*WORK TO COMPLETE*.
In your copy of the listing below, reproduce each word exactly and include no pictures.

____ DATA SHOWN

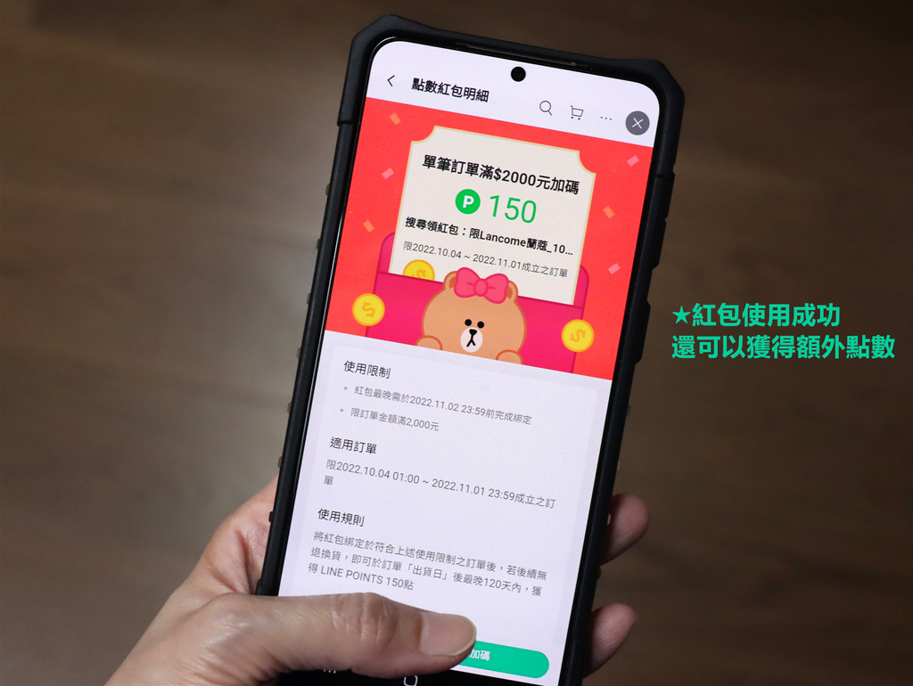 我也好愛領「點數紅包」,只要在點數紅包訂單成立時間內,透過LINE購物App前往LINE購物合作商家頁面,完成一筆符合點數紅包顯示之消費金額門檻訂單,就能立即獲得優惠,真的是省很大呢!
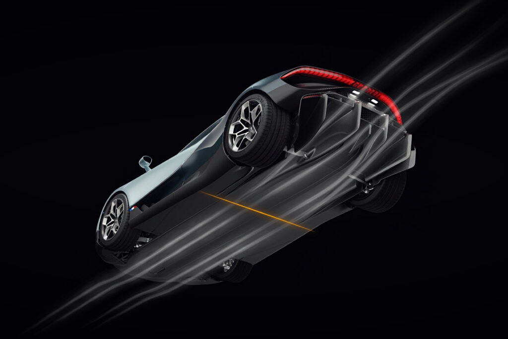 El contraste visual de la parte trasera refuerza este concepto: un conjunto de luces estilizado se enfrenta a las superficies técnicas del difusor, logrando eficiencia aerodinámica y una fuerte presencia visual.
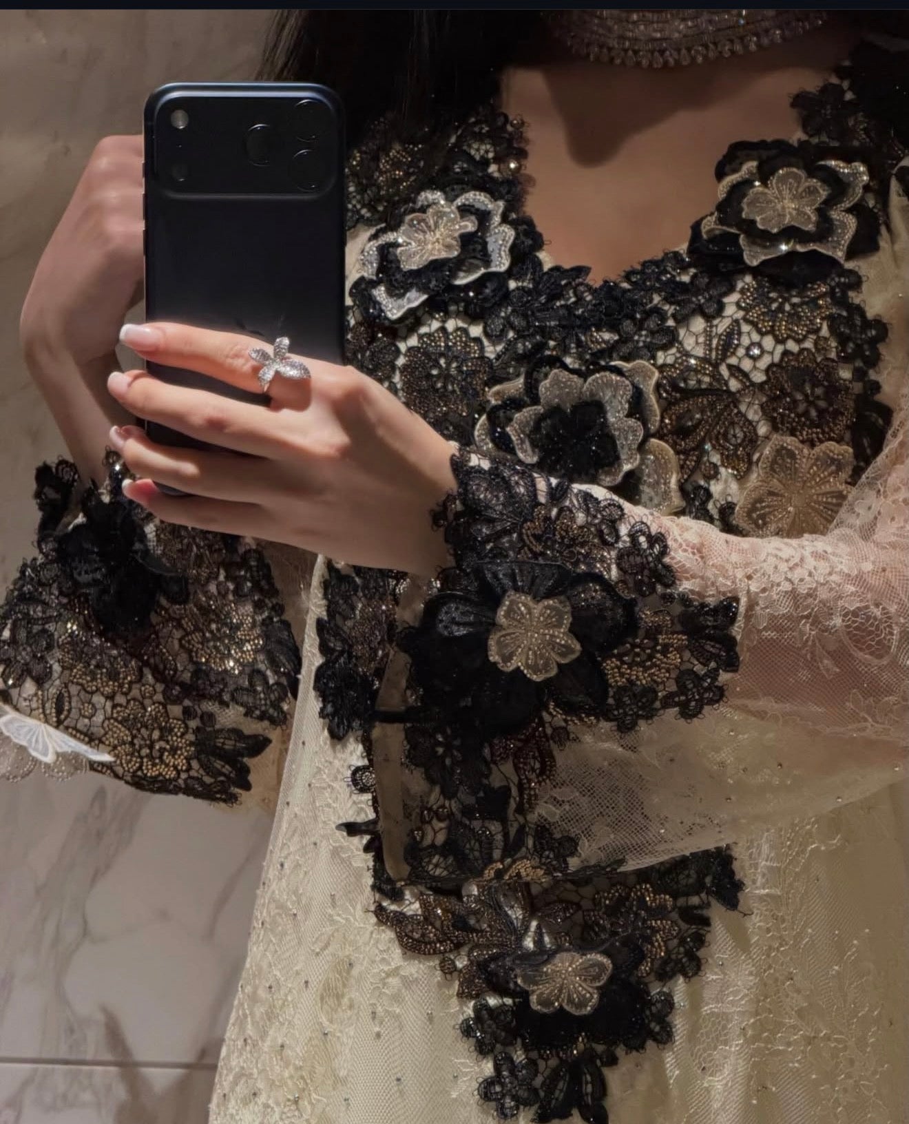 Step into timeless sophistication with this beautifully handcrafted dress. Made from luxurious tulle fabric, it features delicate multicolored floral embroidery accented with shimmering pearls and sequins that catch the light with every movement.
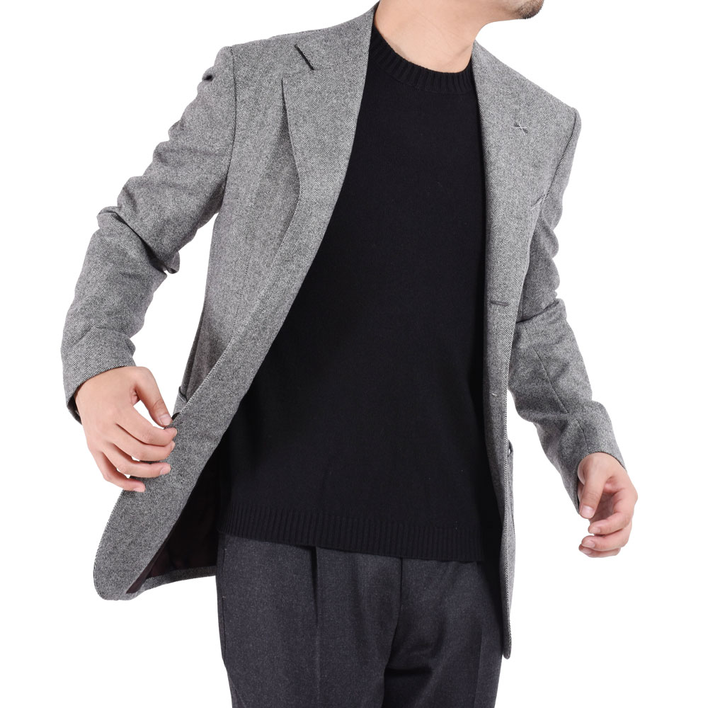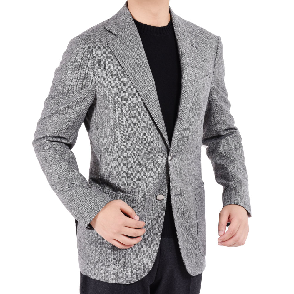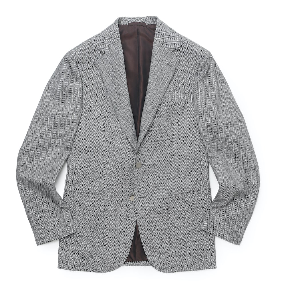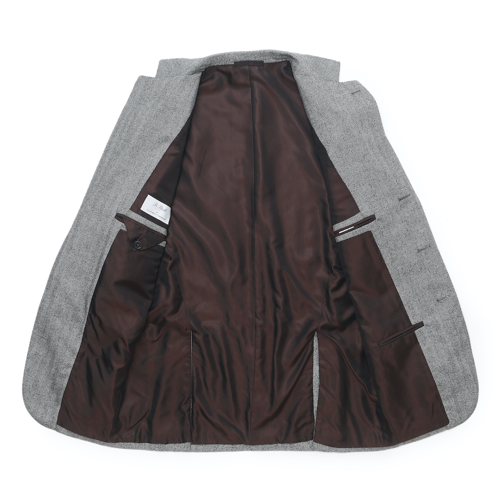 ・生地は"Loro Piana(ロロ・ピアーナ)"のSuper170'S Wool & Cashmereのヘリンボーン。カシミア混ならではの滑らかさが際立ちながら、グレーヘリンボーンの品の良さも堪能できます。目付は280グラム。

________

*YOUR SOLUTION*.
 我也好愛領「點數紅包」,只要在點數紅包訂單成立時間內,透過LINE購物App前往LINE購物合作商家頁面,完成一筆符合點數紅包顯示之消費金額門檻訂單,就能立即獲得優惠,真的是省很大呢!
 El contraste visual de la parte trasera refuerza este concepto: un conjunto de luces estilizado se enfrenta a las superficies técnicas del difusor, logrando eficiencia aerodinámica y una fuerte presencia visual.
 Step into timeless sophistication with this beautifully handcrafted dress. Made from luxurious tulle fabric, it features delicate multicolored floral embroidery accented with shimmering pearls and sequins that catch the light with every movement.
 ・生地は"Loro Piana(ロロ・ピアーナ)"のSuper170'S Wool & Cashmereのヘリンボーン。カシミア混ならではの滑らかさが際立ちながら、グレーヘリンボーンの品の良さも堪能できます。目付は280グラム。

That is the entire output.